## DIRECTIONS
Reproduce only the lines below from the line containing "Q324履帶式拋丸機(jī)" to the line containing "Portone sezionale in", exactly as written, with both end lines kept. Omit the pictures.

## THE DATA
============================================================

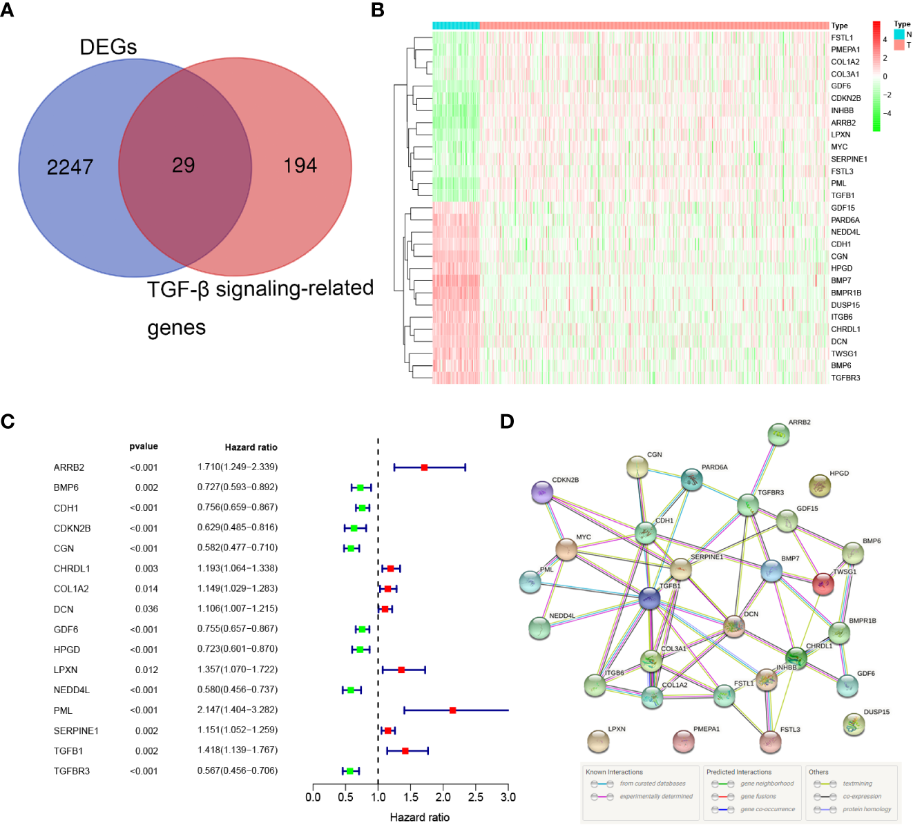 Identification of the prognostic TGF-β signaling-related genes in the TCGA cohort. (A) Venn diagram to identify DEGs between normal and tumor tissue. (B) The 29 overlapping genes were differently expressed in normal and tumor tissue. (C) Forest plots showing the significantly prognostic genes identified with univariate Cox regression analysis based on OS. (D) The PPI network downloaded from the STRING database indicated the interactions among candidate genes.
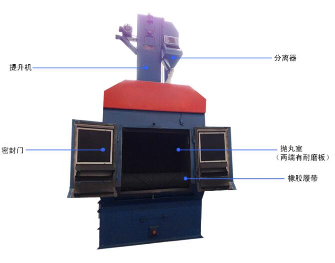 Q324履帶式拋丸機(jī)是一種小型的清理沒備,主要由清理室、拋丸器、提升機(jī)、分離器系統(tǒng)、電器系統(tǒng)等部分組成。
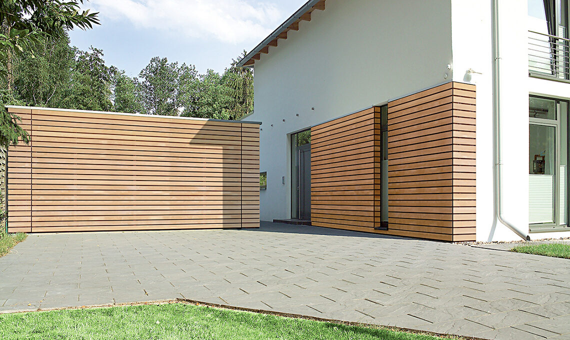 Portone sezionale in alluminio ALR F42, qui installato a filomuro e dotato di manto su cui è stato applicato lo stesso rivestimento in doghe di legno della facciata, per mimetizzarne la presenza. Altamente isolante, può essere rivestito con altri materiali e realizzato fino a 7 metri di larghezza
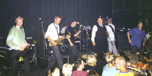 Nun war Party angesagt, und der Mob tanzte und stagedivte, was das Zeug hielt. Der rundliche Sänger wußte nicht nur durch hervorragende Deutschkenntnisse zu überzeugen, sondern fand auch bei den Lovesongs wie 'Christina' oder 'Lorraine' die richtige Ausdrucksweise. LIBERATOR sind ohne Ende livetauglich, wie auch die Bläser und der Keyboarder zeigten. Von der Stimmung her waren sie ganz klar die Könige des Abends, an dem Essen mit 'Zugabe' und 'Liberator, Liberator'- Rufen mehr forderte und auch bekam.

============================================================

## EXPECTED ANSWER
 Q324履帶式拋丸機(jī)是一種小型的清理沒備,主要由清理室、拋丸器、提升機(jī)、分離器系統(tǒng)、電器系統(tǒng)等部分組成。
 Portone sezionale in alluminio ALR F42, qui installato a filomuro e dotato di manto su cui è stato applicato lo stesso rivestimento in doghe di legno della facciata, per mimetizzarne la presenza. Altamente isolante, può essere rivestito con altri materiali e realizzato fino a 7 metri di larghezza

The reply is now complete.